Lengthy workflow for microbial network analysis

A typical workflow for network inference generally involves (a) abundance data filtration to remove spurious or irrelevant features (4,9), (b) choosing from multiple data normalization and transformation strategies to account for inter-sample biases, confounding factors, compositionality etc. (10,11), (c) choosing among multitude of correlation inference methods to derive network files (correlation matrix, adjacency matrix, edge-lists etc.) (4), (d) employing graph theory algorithms to compute network characteristics (like global network properties, local centrality measures etc.) using the said network files (12,13) and (e) use a visualization tool to view the the networks (14).

Meta-data introduces additional complexity

Availability of comprehensive meta-data associated with metagenomic studies puts an additional layer of complexity to the problem of inferring and probing microbial association networks (15). For a given environment, there can be multiple levels of meta-data groups or categories (like geography as an environment can have countries as groups). This gives rise to a need for individually processing networks for each of such groups. In addition, quite often continuous meta-data (like BMI, age) are also collected, and researchers are therefore interested in probing correlations of microbial abundances with such continuous data points (or covariates) as well (15,16).

Inter-omic data further increases complexity

It is not uncommon for metagenomic studies to have one or more ‘associated’ inter-omic abundance profile (16,17). For example, a shotgun metagenomics study can not only provide the researchers with microbial abundance profile, but also the abundances of various functional units (like enzymes, GO, COG, genes etc.).
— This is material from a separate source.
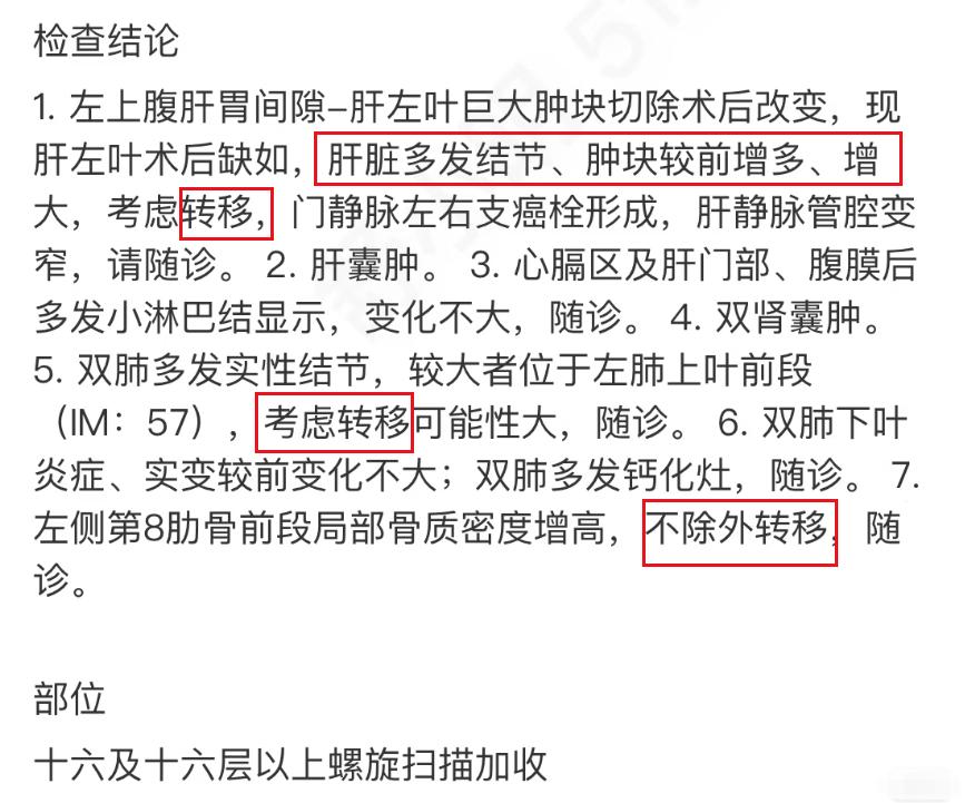 肝脏多发结节、肿块较前增多、增大,门静脉左右支癌栓形成,肝静脉管腔变窄,这些都是肿瘤复发转移的直接证据。双肺多发实性结节,考虑转移可能性大;左侧第8肋骨前段局部骨质密度增高,不除外转移可能。这些发现表明,肿瘤已突破肝脏局限,形成广泛转移。大大加重了后续治疗复杂程度。

Related inter-omic studies on same set of samples (like transcriptome profile) can also become a closely associated inter-omic data. The inferred functions for 16S studies are another example of inter-omic profile associated with microbial abundance datasets. Availability of such secondary datasets often lead to the requirement of mining correlation of microbes with such inter-omic units (like functions, genes etc.). The outcomes of such correlations are often visualized in the form of ‘inter-omic integrated networks’ and 'bi-partite networks’ (17,18). The process of achieving the same for each meta-data category (and corresponding group) is therefore expected to be complex and tedious.

For example, for a population of samples collected from various body sites of healthy individuals as well as those affected by a disorder, following questions pertaining to a typical microbial community dynamics study may stand relevant:

What are the microbial co-occurrence patterns specific to healthy and affected individuals?
What are the association patterns specific to individual body sites in healthy as well as affected individuals? How do these networks compare in terms of the interactions and various network properties?
Is there any correlation between the occurrence of certain microbes with age or BMI or weight or any other 'continuous' trait of the individuals in all/any category of network?
Given a metabolic profile of the given samples, is there any association between the occurrence of a microbe or a group of microbes with the profile of a metabolite or a group of metabolites of interest?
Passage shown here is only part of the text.